Chronic pain in the muscles and joints can make life miserable. Standard treatments like ice and heat, anti-inflammatory medications, physical therapy, and appropriate exercises can often ease the pain. But when they don’t, acupuncture is an option with a good track record that’s worth considering. Research from an international team of experts adds to the evidence that it does provide real relief from common forms of pain. The team pooled the results of 29 studies involving nearly 18,000 participants. Overall, acupuncture relieved pain by about 50%. The study isn’t the last word on the issue, but it is one of the best quality studies to date and has made an impression. For new pain, an acupuncturist should not always be the first stop. It’s important to get a clear diagnosis of what is causing the pain to rule out serious medical conditions that should be treated right away—and then seek out acupuncture if appropriate.

Distracted eating may add to weight gain

Published March 29, 2013

If you are worried about your weight, paying more attention to what you eat, not less, could help keep you from overeating. Multitasking—like eating while watching television or working—and distracted or hurried eating can prompt you to eat more. Slowing down and savoring your food can help you control your intake. That’s the bottom line from a report published in the April issue of the American Journal of Clinical Nutrition. It offers two key conclusions: 1) Being distracted or not paying attention to a meal tended to make people eat more at that meal. 2) Paying attention to a meal was linked to eating less later on. Mindful eating is a good solution. It can reduce daily calorie intake, help make healthier food choices, and add to the enjoyment of eating.

Chelation therapy offers small, if any, benefit for heart disease

Published March 26, 2013

Chelation therapy removes metals that have built up in the body. It is an FDA-approved way to treat mercury, lead, and other types of heavy-metal poisoning, as well as for iron overload (hemochromatosis) and some types of anemia. It has also been touted as an alternative therapy that can cure heart disease. Results from the 10-year, $31 million Trial to Assess Chelation Therapy (TACT) show that it slightly reduced the risk of heart problems in heart attack survivors. Proponents of chelation therapy will say this proves what they’ve been preaching. But the editors of JAMA, which published the trial results say that the findings “should serve to dissuade responsible practitioners from providing or recommending chelation therapy for patients with coronary disease and should discourage patients with previous MI [heart attack] from seeking this therapy with the hope of preventing subsequent cardiovascular events.”

Many miss prediabetes wake-up call

Published March 26, 2013

Type 2 diabetes doesn’t usually appear all of a sudden.
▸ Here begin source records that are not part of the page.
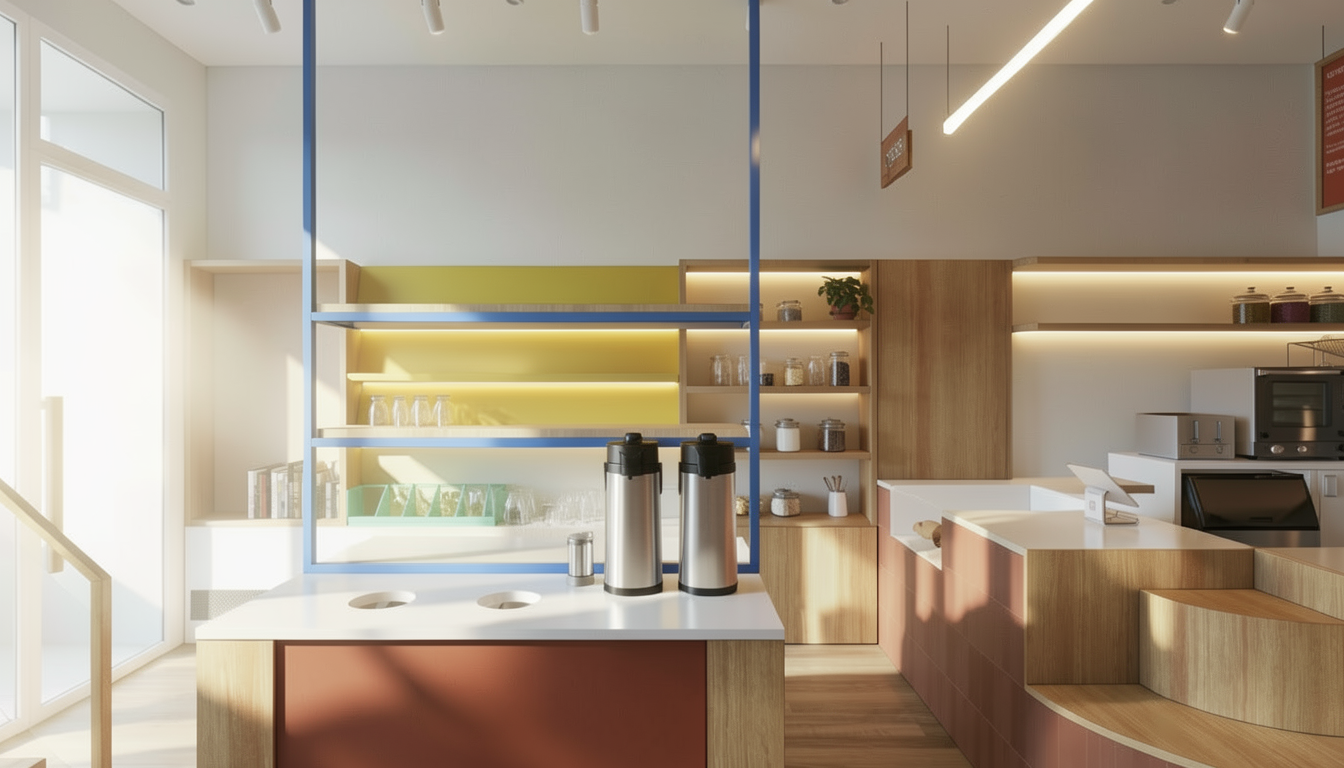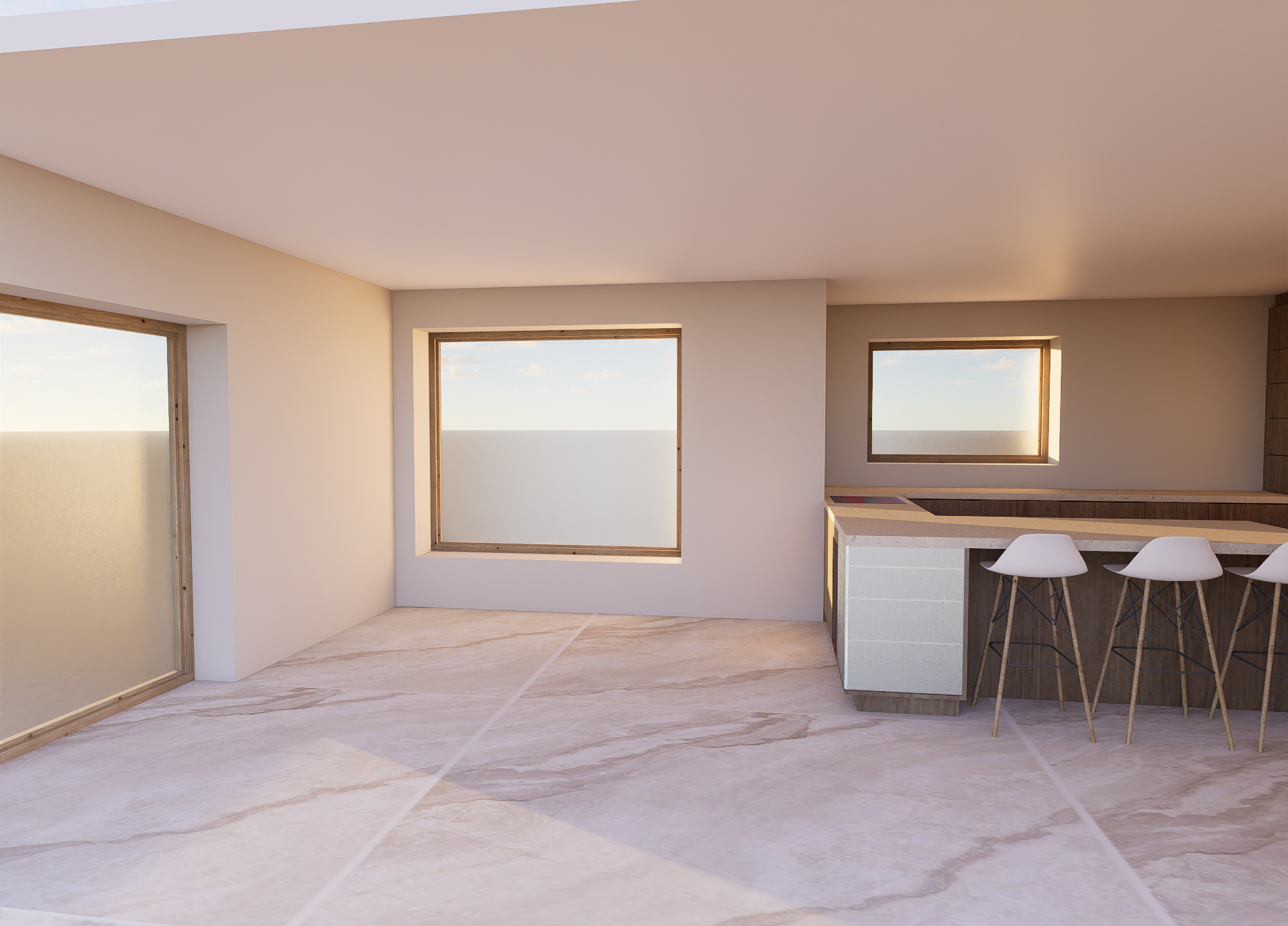 add dining table and chair and decoration the interior design style is the same as before make more realistic add nature behind the window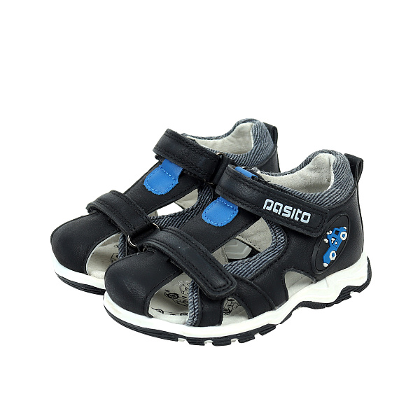 Удобные сандалии Pasito в практичном черном цвете предназначены для мальчика ясельного возраста. Модель украшена элементами контрастного цвета, имеет широкий язычок и пару ремешков с липучками. Такая застежка проста в применении, ускоряет и упрощает процесс переобувания. Верх из искусственной кожи несложно очистить от загрязнений. Для изготовления подкладки и стельки использована натуральная кожа. Она прекрасно пропускает воздух, сохраняет тепло, обладает необходимой степенью гигроскопичности. Подошва из термопластичной резины (ТПР) препятствует скольжению.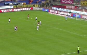 Evidente e volontario il fallo del giocatore del Lecce che interviene sul piede d'appoggio di Totti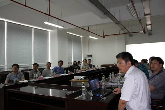 代亮首先代表三亞深海所對(duì)黃寧生院長(zhǎng)一行表示歡迎,同時(shí)對(duì)廣州分院在籌建工作上給予的支持和指導(dǎo)表示感謝。隨后,代亮從建所背景、籌建方案、籌建工作進(jìn)展、2013年的主要工作四個(gè)方面詳細(xì)介紹了三亞深海所籌建工作開展情況??偣こ處煆埌鹤髁岁P(guān)于組織凝練重大項(xiàng)目的專題匯報(bào)。深海科學(xué)研究部研究員李松海向分院領(lǐng)導(dǎo)匯報(bào)了海洋哺乳動(dòng)物與海洋生物聲學(xué)實(shí)驗(yàn)室建設(shè)情況。
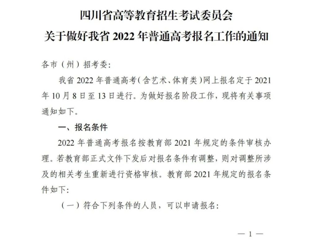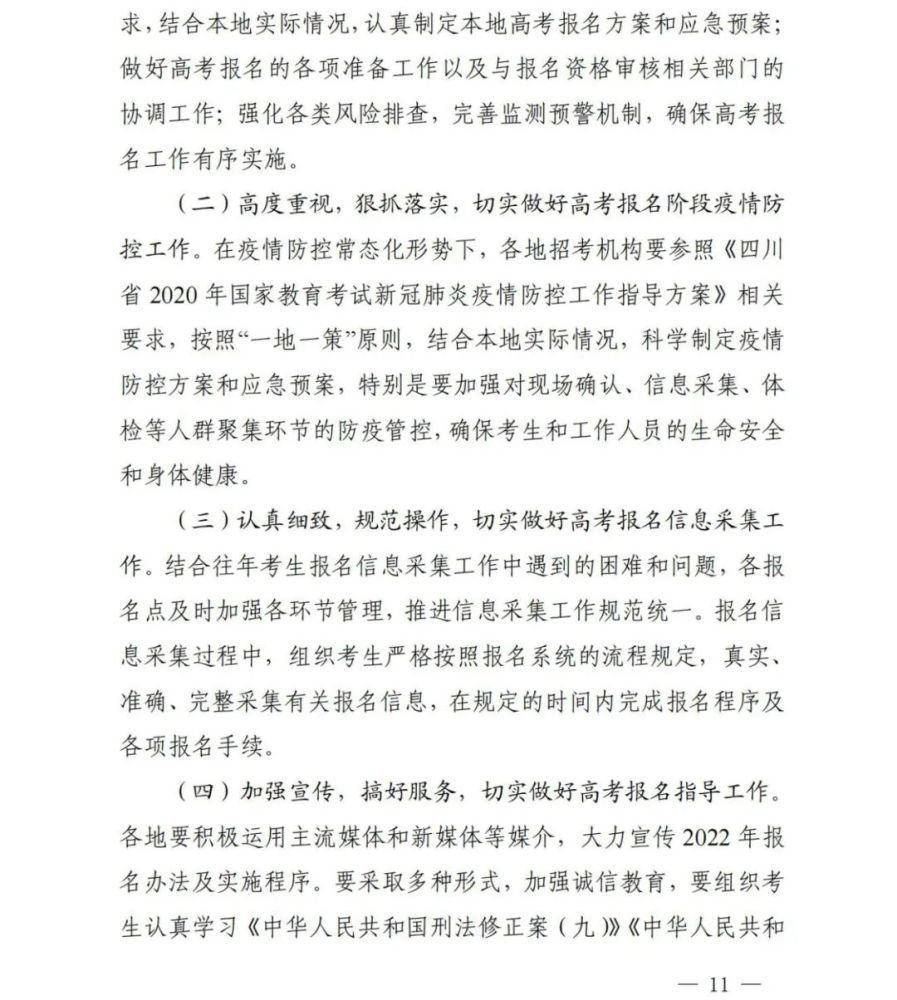 關(guān)于做好四川省2022年普通高考報名工作的通知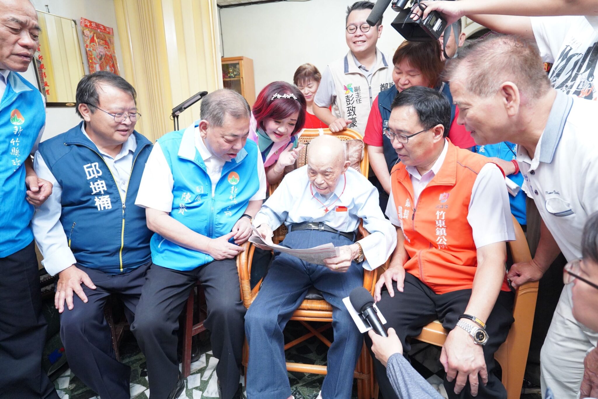 九九重陽節即將到來,新竹縣副縣長陳見賢今(20)日上午偕同社會處同仁,帶著祝賀禮金、敬老狀、總統府長者敬老金箔狀、衛福部金鎖片,走訪居住在竹東鎮的8位百歲人瑞。陳副縣長說,楊文科縣長疼惜長輩,除了持續發放敬老津貼、今年首次以一萬元祝賀禮金替代過去送毛毯等禮物,百歲公百歲婆開心不已。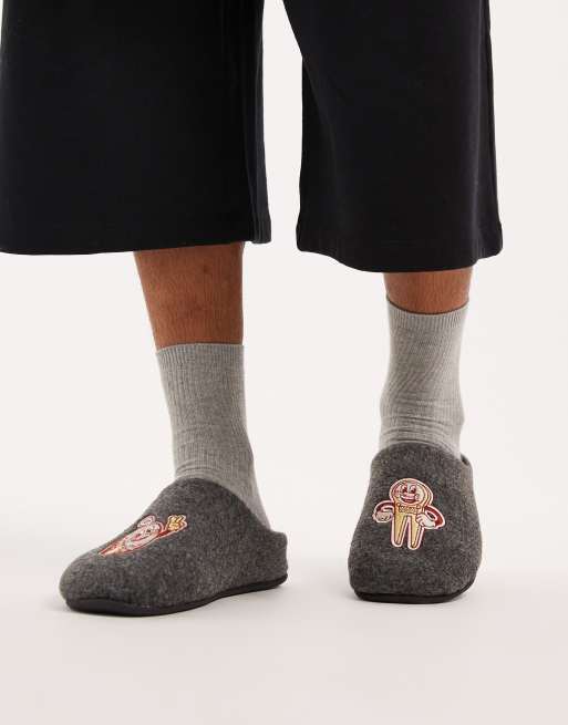 ASOS DESIGN - Grå mule-hjemmesko i filt med golfgrafik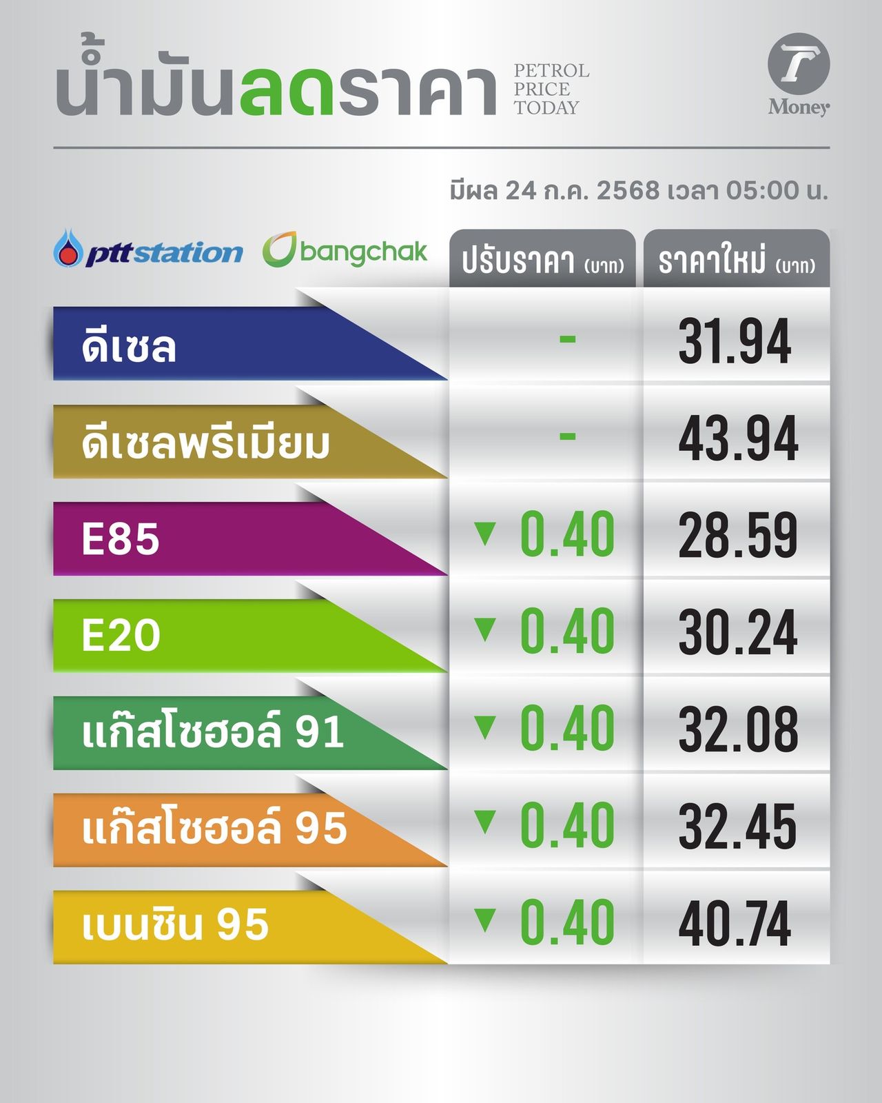 ผู้สื่อข่าวรายงานว่า พีทีที สเตชั่น และ บมจ.บางจากปิโตรเลียม หรือ BCP ประกาศปรับลดราคาน้ำมันกลุ่มเบนซิน-แก๊สโซฮอล์ 40 สตางค์ ขณะที่กลุ่มดีเซลราคาคงเดิม เริ่มมีผลตั้งแต่เวลา 05.00 น.วันที่ 24 ก.ค. 2568

Many people have a long, slow, invisible lead-in to it called prediabetes. During this period, blood sugar levels are higher than normal. However, they’re not high enough to cause symptoms or to be classified as diabetes. It’s still possible at this stage to prevent the slide into full-blown diabetes. Think of prediabetes as a wake-up call. Unfortunately, few people ever hear the alarm. A new report from the Centers for Disease Control and Prevention shows that among Americans age 20 and older, only 10% of those with prediabetes know they have it. Given that as many as 73 million Americans have prediabetes, that’s a lot of missed opportunities to prevent the ravages of diabetes. One reason many people don’t know that they may be headed toward diabetes is they’ve never had their blood sugar tested. This simple test isn’t part of routine preventive care, but perhaps it should be.